★ スタホ殺人事件 ★
残像
駿介は見かけた後ろ姿が気になったが、ちょうど別れ道にさしかかり、亞穂菜に
『駿介さん、お付き合いいただき、ありがとうございました。』
とお礼を言われたので、
『こっちこそありがとう。』
と答えて亞穂菜と別れた。
そこからの帰り道で先ほどの2人が居闇と誰かだったのか、何度も思い返してみたが、答えは出なかった。

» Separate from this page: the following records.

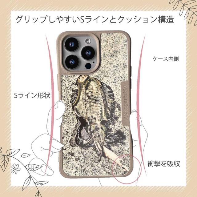 | ケースについて | 背面の内側に入れ込むデザインシートで、シーンに合わせて着せ替え可能。また、グリップしやすいクッション構造で、本体重量は約35gと軽減化を実現。さらにSライン形状で、究極に押しやすいボタン設計(切り込みが入ることで押し込む力を軽減)、背面のカメラ・レンズを保護する高さ設計となっております。生分解性プラスチック素材ながらも着脱もしやすく、割れない・指紋防止加工を施しています。 |
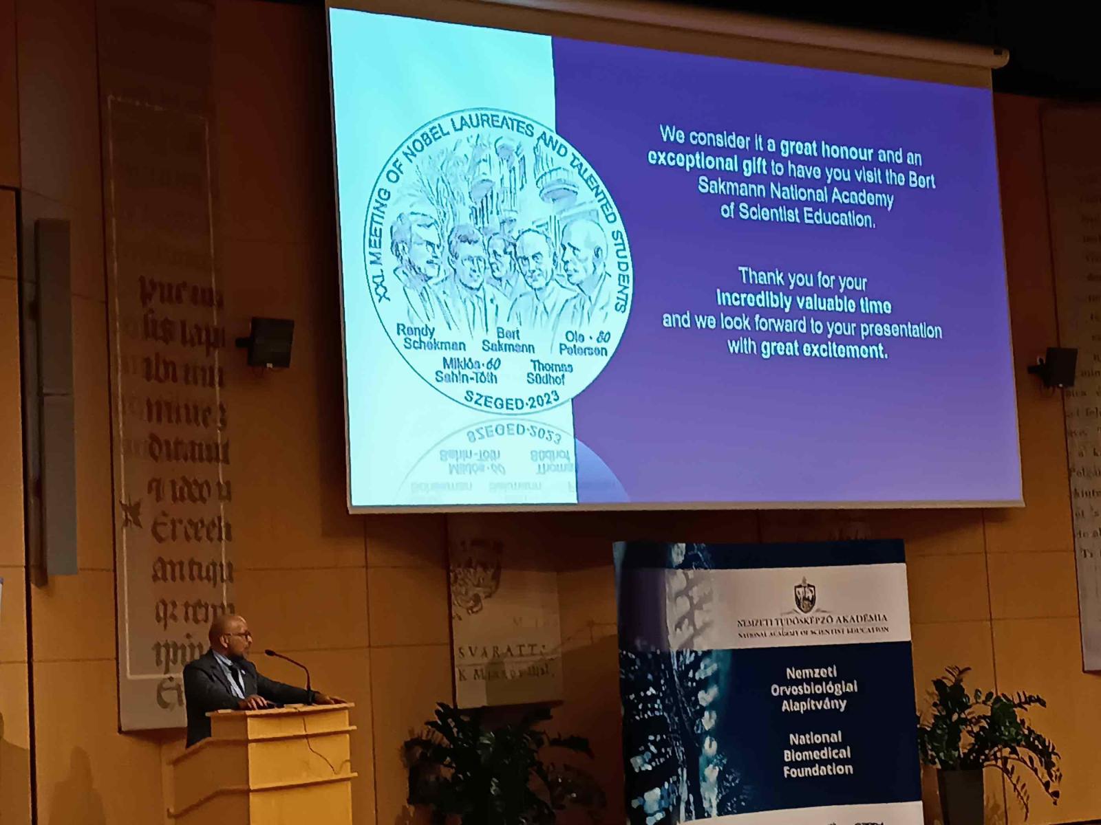 A Nemzeti Tudósképző Akadémia pedagógusai és diákjai 2023. december 13-15. között Szegedre látogattak, ahol nem mindennapi élményben lehetett részük. Az angol nyelvű konferencia keretében két Nobel-díjas tudós Randy W. Schekman és Thomas C. Südhof előadását hallgatták meg, akik 2013-ban kapták meg kutatásaikért a Fiziológiai és Orvostudományi Nobel-díjat. Ole Petersen a Cardiffi Egyetem professzora 80. születésnapja, Sahin-Tóth Miklós a Kaliforniai Egyetem professzora 60. születésnapja alkalmából kapott meghívást és mutatta be munkásságát. A kutatók nemcsak témáikba vezették be a hallgatóságot, hanem a diákoknak lehetőségük volt kérdezni és kerekasztal beszélgetéseken kicsit jobban megismerni őket. Kedvességük, közvetlenségük mindenki számára megnyerő volt, sőt a közös fotózás életre szóló élményt jelentett mindenki számára.
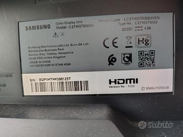 Vendo monitor gaming Samsung LC27HG70. come nuovo. Schermo curvo da 27" con raggio 1800R Risoluzione WQHD (2560x1440) HDR Refresh rate 144Hz e tempo di risposta 1ms Tecnologia Quantum Dot Compatibile FreeSync 2 Connettività: 2 porte HDMI, DisplayPort, uscita cuffie Base regolabile in altezza, inclinazione e rotazione fornito con imballo e accessori originali.
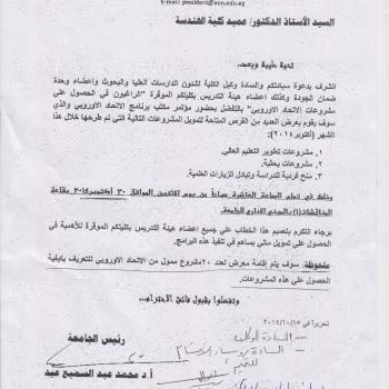 The president of Assiut University professor/ Muhammad Abd El-Samie invites the staff members of faculty of engineering to apply for European Union Funding Projects available in 30-10-2014 in the…
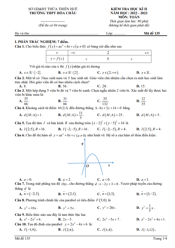 Đề học kì 2 Toán lớp 10 năm 2022 – 2023 trường THPT Hóa Châu TT Huế

アパートに戻った駿介は、消えた『シグマヴォルテクス』のことを思い出しながら缶ビールを片手にテレビをぼんやりと眺めていた。
「弥生限界オッズか…」
溜め息をつきつつ、ぼんやりしているうちに缶ビールが空になった。
「くよくよしていても仕方ないか…」
駿介は『シグマヴォルテクス』に固執している自分が情けなくなり、
「よっしゃもう一発限界オッズ叩き出してやるか」
と自分に気合いを入れて、少し早いが布団に入ることにした。
その頃、先ほど駿介が見掛けた男2人は、廃工場の前で口論になっていた。
『もう勘弁してくださいよ…。』
『うるさいなぁ〜。言うとおりにやりゃいいんだよ。』
『だってあの店はダメじゃないですか…』
『あぁ、あの店はな。』
『えっ?あそこじゃないところでやれってことですか』
『あぁ、そういうことだ。』
『ムリですよ、ムリムリ』
『そんなこと言えるのか?えっ?』
ジャンパーの男の手元にナイフが光っていた。
『やめてくださいよ脅したって無理なものは無理なんですって』
『うるせぇ』
ドサッ、ドサドサッ…
2人が揉み合いになる。
『やめてくださいってば』
片方の男が両手を伸ばした勢いでジャンパーの男が倒れる。
『うっ』
ジャンパーの男が呻き声をあげて倒れる。
『うっ、う〜っ…』
それっきりジャンパーの男は動かなくなった。
もう1人の男が
『ど、どうしたんですか…ふざけないでくださいよ…』
恐る恐るジャンパーの男の様子を覗き込むが、男の左胸に持っていたナイフが突き刺さり、夥しい血が床に広がってきていた。
『えっえ〜っひ、ひぇ〜っ』
男は慌ててその場から逃げ出した。